For preservationists, the story of the Meseritz Synagogue proved an all-too-familiar tale: The century-old East Village building was deteriorating. The congregation was dwindling, along with its finances.
So in July, when developers offered $750,000 for the East Sixth Street property – and a spot in the planned new building for the congregation to worship – the synagogue’s board voted overwhelming to sell.
Local activists immediately sounded a call to action – mounting their latest preservation effort as the neighborhood’s historic churches and synagogues become hot commodities in the age of gentrification.
“[Houses of worship] all over the East Side give up their plot of valuable land,” said Edwin Torres, “and developers give them a place in the basement.”
Torres, a community organizer who fought to save nearby St. Brigid’s Roman Catholic Church from demolition, is among those striving to preserve the historic religious architecture that punctuates the Lower East Side and the East Village. Though local lore, for some, tends to begin with punks and anarchists who flocked the areas in the 1970s, the East Side’s story rests much deeper in time.
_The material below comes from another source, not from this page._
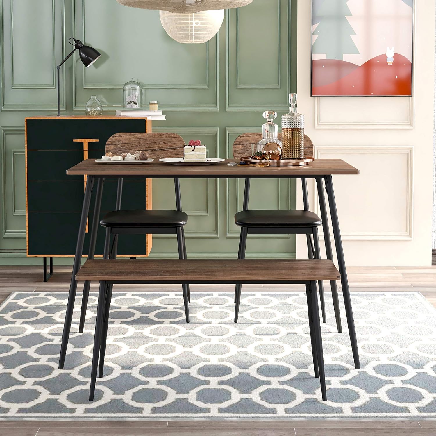 Once your mismatched bedding is accepted, all sales are final. This beautiful wooden dining set constitutes a perfect proposition for all. Compare similar dining room sets. Table can be extended with a center leaf. The finish is dark oak wood veneer. Contains one bench onlyfabric upholstered padded seatingaccented with distressed finishsupported on turned legsfeatures transitional style description: A simple and stylish way to add more seating to your dining room is to add a set of matching dining benches. Find new bench kitchen & dining sets for your home at joss & main. We swapped out our normal dining room chairs for a padded leather bench and the effect was charming, multifunctional and chic. Kealive dining table set with bench 5 pieces modern wood table top 2 benches and 2 stools, kitchen dining room furniture set 43.3''l x 27.6''w x 29.5''h metal frame, brown. Delicate floral motifs are featured on the gently. Great savings & free delivery / collection on many items. This product can expose you to chemicals including wood this table is good for a casual dining room.

Generations of immigrants worked, lived and prayed in buildings that preservationists like Torres worry could become unrecognizable or simply be razed, under development deals. Their anxiety increases as glass towers replace tenements.
Preservationists are buoyed by success stories, like the Eldridge Street Synagogue. The community rallied to save the crumbling, circa 1887 building as it neared its 100th birthday. In 2007, after 20 years of restoration, the synagogue reopened as a museum.
The fight to save St. Brigid’s also appears to have been won. After the New York Archdiocese closed the parish in 2001, community and preservation groups convinced the New York State Supreme Court to rescue the building. An anonymous donor secured the 160-year-old church’s fate earlier this year by giving $10 million for its renovation.
A Cautionary Tale
Though developers rescinded their offer to buy the Meseritz Synagogue in August, preservationists aren’t ready to declare victory.
They look to St. Anne’s on East 12th Street as a reminder of what is at stake. While the church’s façade was saved, a 26-story dormitory for New York University students was erected on the property – creating what critics call an eyesore.
“There are some things that are sacred,” Torres said. “They wouldn’t think of doing that to the Washington Monument.”
For now, Meseritz remains as it has for a century. And that suits the synagogue’s longtime neighbor Mike Feeney, 75, just fine.
“When something gets over a hundred years old, you just don’t want to tear it down,” he said.